While the Paul VI product may not have the defensive capabilities that Moore brings, this game is still about putting the ball in the basket. As the 2021-22 roster stands, I struggle to see who becomes the second scoring option after Paolo Banchero. AJ Griffin could be seen as a go-to-guy, but he’ll need to tighten up his handle significantly and learn to counter some of his moves. Mark Williams could be a guy to find on the block and let the 7-footer go to work, but this team needs a perimeter threat.

Gone are the days of D.J. Steward at 163 pounds, and in steps Keels’ pro-ready 6-foot-5, 210-pound frame—big enough to compete with the physicality of the ACC. With players set to report to campus in early June, an offseason of developing his body with head sports performance coach William Stephens will make Keels one of the more physically imposing 2-guards in the conference.

The last I saw of Keels, he ended his high school career against the well-known high school power DeMatha Catholic. While his team couldn’t pull out the win in overtime, the five-star recruit dropped 41 points from all over the floor, with many of them coming from the free throw line. Duke ranked No. 336 nationally in free throw rate last year, according to Kenpom, and could use a guy who’s willing to absorb contact in the lane and covert from the stripe.

That’s not to say that Moore doesn’t provide a lot of these same qualities. He’s a well-built upperclassmen who shot almost 85% from the line last year, however, I have to side with Keels because of the perimeter shooting threat he provides. With so many weapons on this Blue Devil roster, opponents are going to have to choose what shots they want to live with. Realistically looking at Duke’s top players, a 3-point attempt from Moore might be their best choice.

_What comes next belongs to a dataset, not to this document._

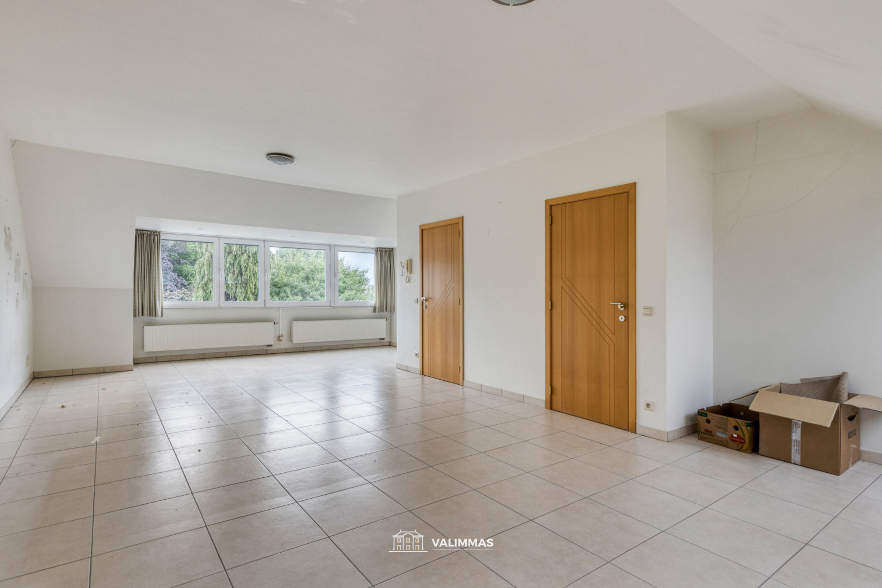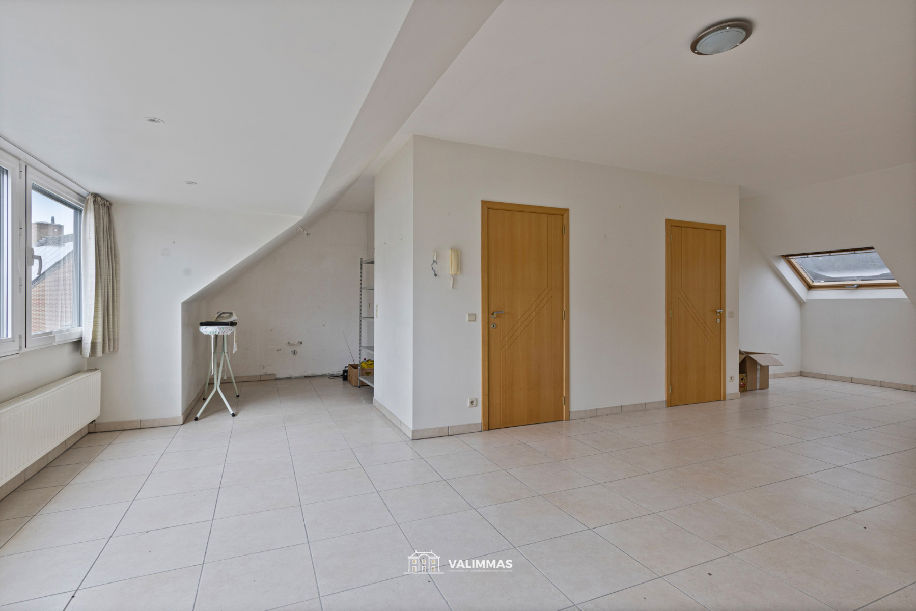 De dakverdieping omvat een overloop met lift, een zeer ruime kamer (± 50m²) en een (desgewenst nog verder in te richten) badkamer.

The junior improved tremendously from beyond the arc after his first season but is still a sub-30% 3-point shooter for his career. The next step for Moore is not settling for perimeter shots, but he seems to be trending in the opposite direction. As a freshman, the Cox Mill product took 60.4% of his shots at the rim. But why the drastic change last year? Moore saw that number dip to 37.8% as a sophomore and left many wondering if he was being too ambitious in his shot selection.

Moore will certainly play a more mature game come November, but the best option to close games will be the guy who can give more space to Banchero, Williams and Griffin in the paint. Just watch Keels in last week’s Iverson Classic, providing a quick eight-point burst. If it looks like he isn’t trying, I assure you that it’s not just because it’s an all-star game, and more about the patience in his game. I expect Keels to shoot at least 37% from deep over his freshman campaign and play a similar style to Gary Trent Jr.

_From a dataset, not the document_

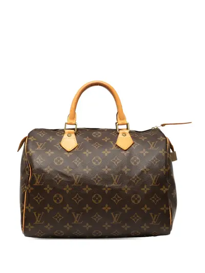 monogram canvas body with vachetta leather trim rolled vachetta leather handles top zip closure interior pocket brown Serial Number: AA0034 Inclusions: padlock, dust bag. Condition: GOOD. This previously owned and used item is in good condition with minimal signs of use. This may include fading of material or plating and scratches. Declared Damages: Practical Attachment Feature(s) Moderate Rust/Tarnish. Please refer to the photos on this product page for a detailed view of the item, including any damages declared.

Keels uses the threat of his jumper to create space and slice down the lane with ease. You rarely see the incoming freshman take a shot that he isn't comfortable with, whether that be a midrange jumper or an NBA 3-pointer. And that's all before mentioning the established chemistry Keels has with Roach, as the two dominated the Virginia hoops scene as teammates in high school. Keels picking an open spot in transition for a look from deep is something that not many Blue Devils can provide next year, and Duke's starting point guard should already know how to find him.

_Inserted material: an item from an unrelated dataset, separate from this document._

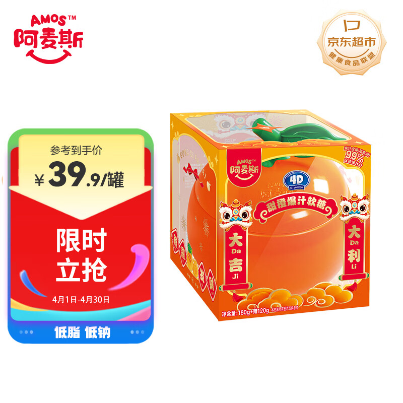 阿麦斯(amos)4D甜橙爆汁软糖300g/盒 大桔大利QQ糖 橡皮糖 儿童糖果 年糖礼盒

Like I said earlier, I’m struggling to find reasons why head coach Mike Krzyzewski would keep Moore on the bench late in games, but with one of the best front courts in the country playing in Cameron Indoor next year, it’s more about the need for shooting at this point. Keels hasn’t proved to be anything close to a defensive liability and will keep the defense from packing it in on Banchero and Williams.

After a couple years of the sometimes wild play from Cam Reddish, Steward and Moore from the off-ball guard spot, Duke fans will welcome the sight of a freshman who plays like a fifth-year senior.

Perhaps it’s just a testament to how talented the top-six Blue Devils are next year, and someone has to sit. But I simply cannot imagine a world where the offensive versatility of Trevor Keels isn’t playing a key role for Duke in the clutch next season.